** Opening Data records block **

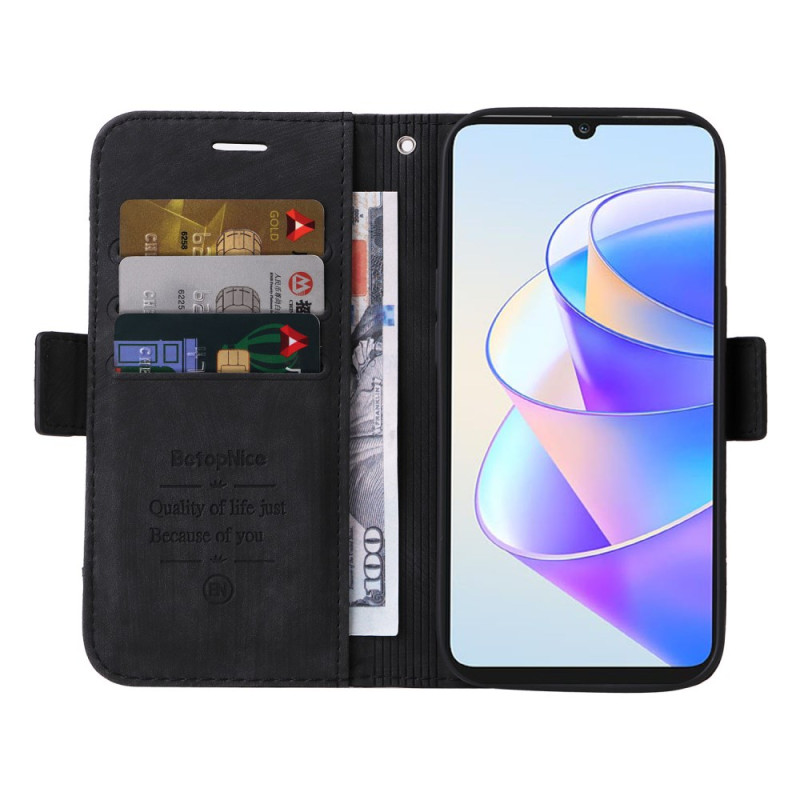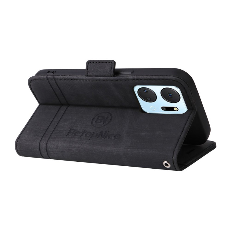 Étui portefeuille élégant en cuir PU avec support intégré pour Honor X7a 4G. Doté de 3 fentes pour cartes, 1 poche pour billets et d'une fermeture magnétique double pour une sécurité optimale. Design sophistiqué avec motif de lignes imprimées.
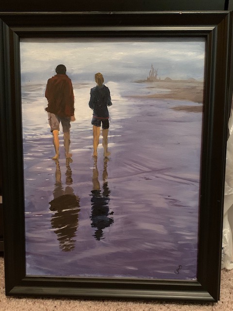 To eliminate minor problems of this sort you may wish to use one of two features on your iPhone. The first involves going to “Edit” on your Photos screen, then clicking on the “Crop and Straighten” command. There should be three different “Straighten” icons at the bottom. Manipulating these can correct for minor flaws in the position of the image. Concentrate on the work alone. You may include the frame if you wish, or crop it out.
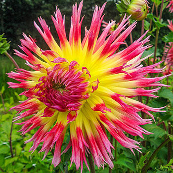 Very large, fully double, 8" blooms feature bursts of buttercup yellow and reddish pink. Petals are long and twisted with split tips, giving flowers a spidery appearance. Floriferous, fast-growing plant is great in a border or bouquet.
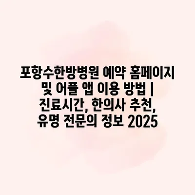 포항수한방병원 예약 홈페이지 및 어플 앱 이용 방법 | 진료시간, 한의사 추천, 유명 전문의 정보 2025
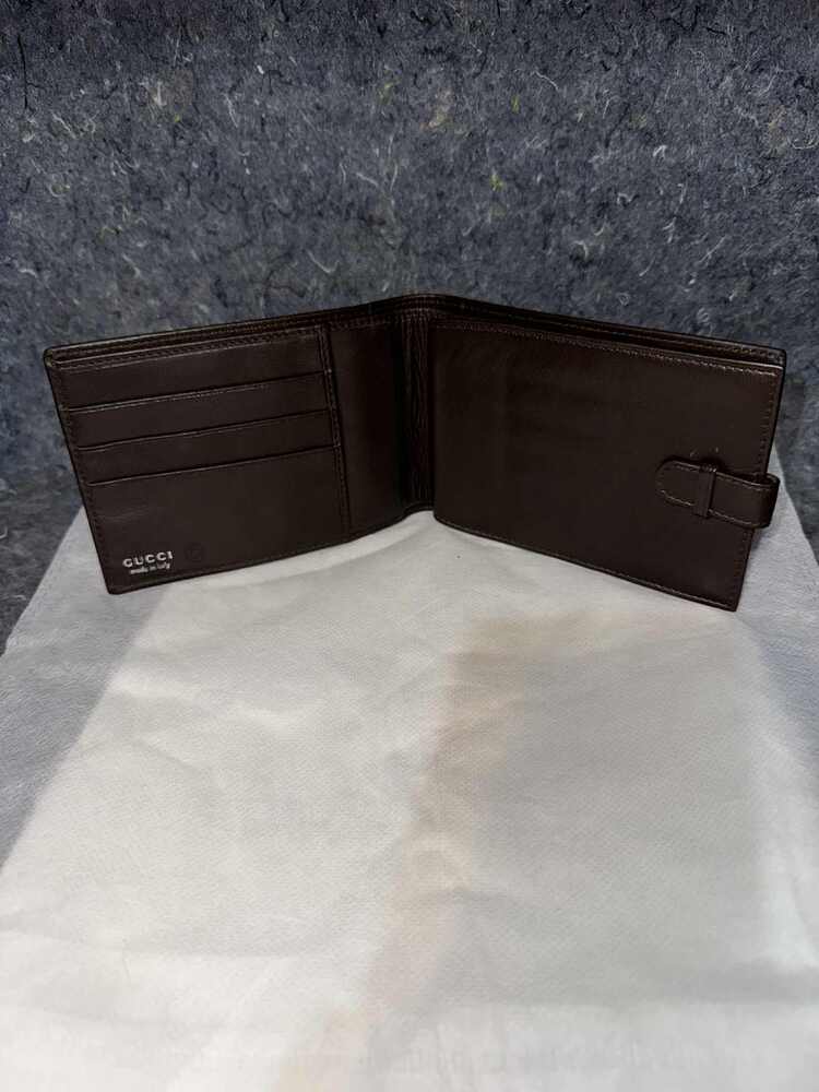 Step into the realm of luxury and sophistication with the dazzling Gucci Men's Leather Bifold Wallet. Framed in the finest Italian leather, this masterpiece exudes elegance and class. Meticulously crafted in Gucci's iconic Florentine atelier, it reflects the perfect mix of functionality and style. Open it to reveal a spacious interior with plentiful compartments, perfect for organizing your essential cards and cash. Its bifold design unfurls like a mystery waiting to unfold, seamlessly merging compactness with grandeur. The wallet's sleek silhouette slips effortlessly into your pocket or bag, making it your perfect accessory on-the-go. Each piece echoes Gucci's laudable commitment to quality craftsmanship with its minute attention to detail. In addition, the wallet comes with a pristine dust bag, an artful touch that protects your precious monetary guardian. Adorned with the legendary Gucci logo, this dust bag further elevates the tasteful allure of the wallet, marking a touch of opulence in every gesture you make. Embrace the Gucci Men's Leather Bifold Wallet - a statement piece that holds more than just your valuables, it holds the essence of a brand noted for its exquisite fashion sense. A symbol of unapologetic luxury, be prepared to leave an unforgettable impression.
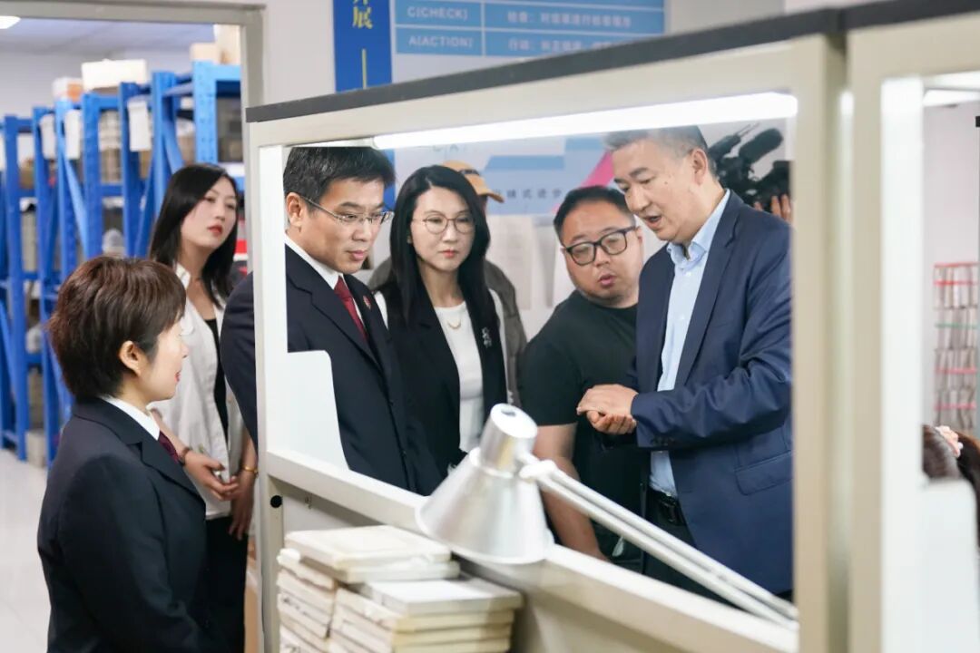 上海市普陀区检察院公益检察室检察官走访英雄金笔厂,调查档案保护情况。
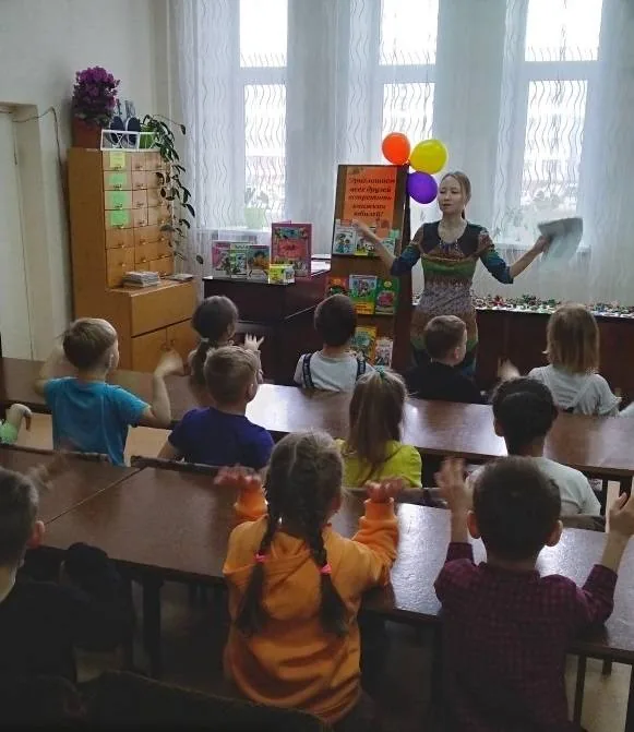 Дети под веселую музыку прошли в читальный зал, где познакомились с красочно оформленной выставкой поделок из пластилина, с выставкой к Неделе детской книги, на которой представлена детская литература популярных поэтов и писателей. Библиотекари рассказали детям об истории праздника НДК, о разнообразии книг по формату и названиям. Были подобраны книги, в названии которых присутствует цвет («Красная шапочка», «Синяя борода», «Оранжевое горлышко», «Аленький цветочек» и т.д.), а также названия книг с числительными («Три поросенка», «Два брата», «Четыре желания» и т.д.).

** Closing Data records block **

| Exercise goal |
For each record above, write out every line exactly and skip the pictures.

| Task response |
 Étui portefeuille élégant en cuir PU avec support intégré pour Honor X7a 4G. Doté de 3 fentes pour cartes, 1 poche pour billets et d'une fermeture magnétique double pour une sécurité optimale. Design sophistiqué avec motif de lignes imprimées.
 To eliminate minor problems of this sort you may wish to use one of two features on your iPhone. The first involves going to “Edit” on your Photos screen, then clicking on the “Crop and Straighten” command. There should be three different “Straighten” icons at the bottom. Manipulating these can correct for minor flaws in the position of the image. Concentrate on the work alone. You may include the frame if you wish, or crop it out.
 Very large, fully double, 8" blooms feature bursts of buttercup yellow and reddish pink. Petals are long and twisted with split tips, giving flowers a spidery appearance. Floriferous, fast-growing plant is great in a border or bouquet.
 포항수한방병원 예약 홈페이지 및 어플 앱 이용 방법 | 진료시간, 한의사 추천, 유명 전문의 정보 2025
 Step into the realm of luxury and sophistication with the dazzling Gucci Men's Leather Bifold Wallet. Framed in the finest Italian leather, this masterpiece exudes elegance and class. Meticulously crafted in Gucci's iconic Florentine atelier, it reflects the perfect mix of functionality and style. Open it to reveal a spacious interior with plentiful compartments, perfect for organizing your essential cards and cash. Its bifold design unfurls like a mystery waiting to unfold, seamlessly merging compactness with grandeur. The wallet's sleek silhouette slips effortlessly into your pocket or bag, making it your perfect accessory on-the-go. Each piece echoes Gucci's laudable commitment to quality craftsmanship with its minute attention to detail. In addition, the wallet comes with a pristine dust bag, an artful touch that protects your precious monetary guardian. Adorned with the legendary Gucci logo, this dust bag further elevates the tasteful allure of the wallet, marking a touch of opulence in every gesture you make. Embrace the Gucci Men's Leather Bifold Wallet - a statement piece that holds more than just your valuables, it holds the essence of a brand noted for its exquisite fashion sense. A symbol of unapologetic luxury, be prepared to leave an unforgettable impression.
 上海市普陀区检察院公益检察室检察官走访英雄金笔厂,调查档案保护情况。
 Дети под веселую музыку прошли в читальный зал, где познакомились с красочно оформленной выставкой поделок из пластилина, с выставкой к Неделе детской книги, на которой представлена детская литература популярных поэтов и писателей. Библиотекари рассказали детям об истории праздника НДК, о разнообразии книг по формату и названиям. Были подобраны книги, в названии которых присутствует цвет («Красная шапочка», «Синяя борода», «Оранжевое горлышко», «Аленький цветочек» и т.д.), а также названия книг с числительными («Три поросенка», «Два брата», «Четыре желания» и т.д.).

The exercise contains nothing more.